The demands to keep pumping come as most economic metrics are strongly positive.
Last week saw robust numbers for housing starts, building permits and existing home sales.
Manufacturing and services gauges released Friday showed expansion well above what Wall Street had expected. Business activity measures from various regional Federal Reserve outposts also have indicated mostly better-than-expected activity, and even jobless claims last week were lower than forecast, albeit still at unacceptably high levels
Still, the economy can’t come full circle until the most vulnerable are taken care of.
Spending needs to be targeted at those most impacted. In December, nearly half a million hospitality workers lost their jobs, and nearly 16 million continue to collect some form of unemployment benefits, though the number that continues to fall. They will continue to need plenty of help.
However, the rest of the economy is in nowhere near those dire straits.
In aggregate, U.S. households have seen their finances greatly strengthened by two rounds of fiscal stimulus worth more than $3 trillion. That has come with unprecedented levels of monetary goosing from the Federal Reserve in the form of rock-bottom interest rates, trillions of dollars in bond buying and an extraordinary array of – now discontinued – lending programs aimed at getting the economy back to pre-Covid levels. The Fed is currently buying bonds at a pace of close to $1.5 trillion a year.
In aggregate and following the slathering of stimulus that already has been thrown at the economy, the economic health of Americans is strong.
A few numbers to demonstrate:
- Bank deposits are up to nearly $16.2 trillion, a 21.3% increase from a year ago, with many Wall Street institutions seeing record highs.
- Of those deposits, there is currently $1.4 trillion in what BofA termed “excess savings” that likely will climb to $1.6 trillion in January as checks continue to be distributed from the $900 billion stimulus that Congress passed.
- Spending is surging, with debit and credit card expenditures up 22% year over year in the seven-day period ending Jan. 16 for lower-income individuals who received stimulus payments in the last round, according to Bank of America Global Research.
“U.S. households have never had as much cash as they have now. They’re really extraordinarily cash-rich,” Ian Shepherdson, chief economist at Pantheon Macroeconomics, said a few days ago during a webinar. “This effectively is a war chest that they have available to spend once they can spend and assuming they want to spend once the Covid fear has gone.”
Shepherdson said he thinks inflation could accelerate before the year is out and cause the Fed to rethink its ultra-accommodative policies and have to start tightening sooner than the market expects.
Of course, the virus is the key to everything.
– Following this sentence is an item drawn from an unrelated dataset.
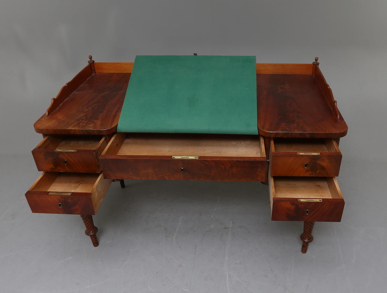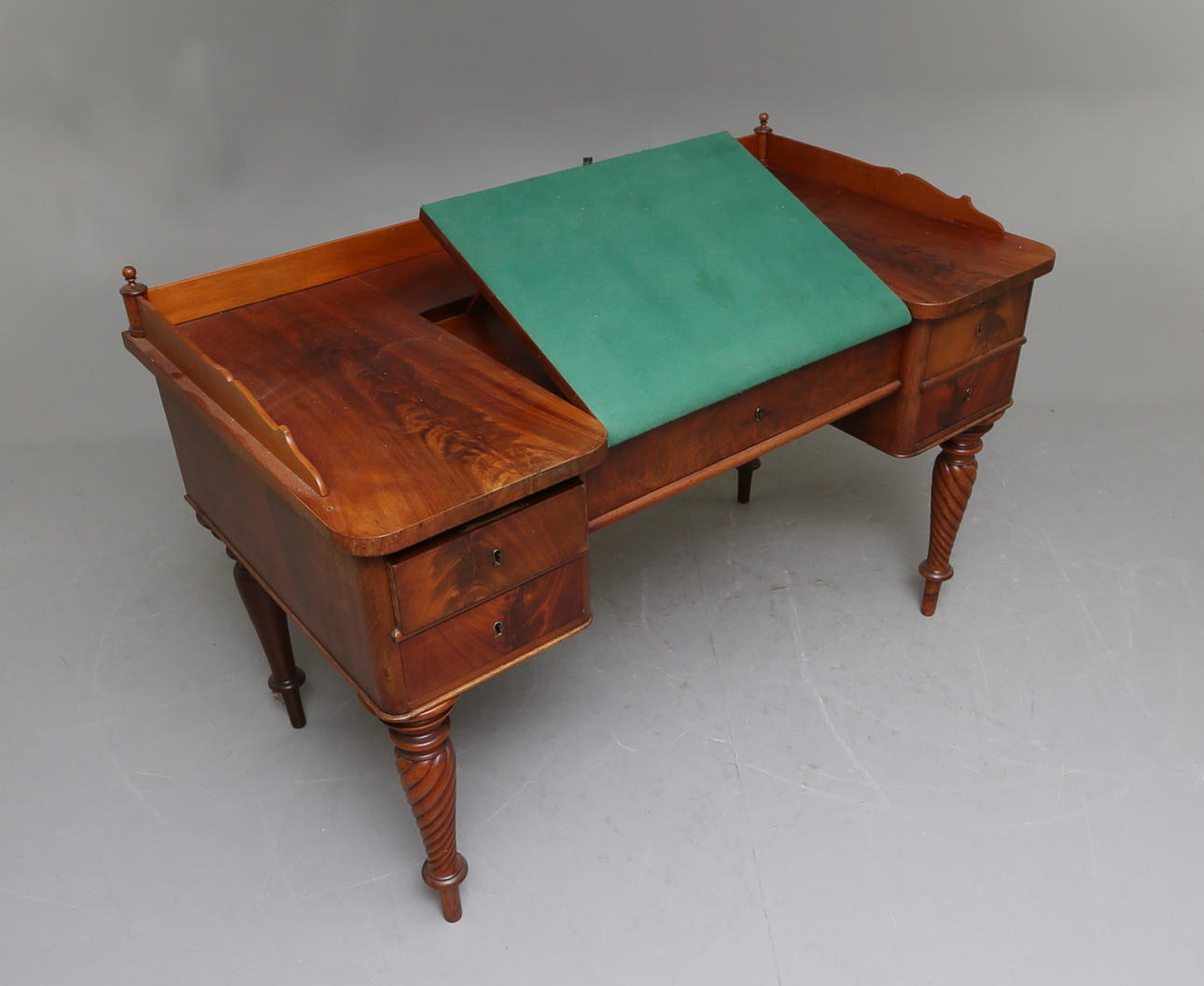 Fristående. Med uppfällbar mittdel av skrivbordsskivan, klädd i grön textil.

Biden made much over his push for 100 million vaccines in 100 days — but that’s just slightly ahead of the current pace. The point at which the U.S. reaches herd immunity likely will coincide with a full recovery, but in the meantime there will be trillions coursing through the system to get the nation through, even if it isn’t needed.
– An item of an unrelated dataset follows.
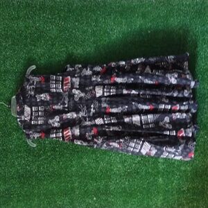 Charming midi dress with a unique graphic pattern. Features a flattering fit and playful design. Ideal for versatile styling.

In a note to clients last week, Paulsen said what the economy needs most now is not more stimulus but rather a “shot in the arm,” in the most literal sense. Getting people vaccinated, he insists, is far more important than continuing to force more money into an already saturated economy.
“This may end up hurting the exact people we’re trying to help more than anyone else,” Paulsen said. “This started in 2009 [during the financial crisis] when we adopted a new playbook like Cash for Clunkers and TARP and all these other things. I don’t think we ever put this stuff back in the bottle, and it just keeps getting worse.”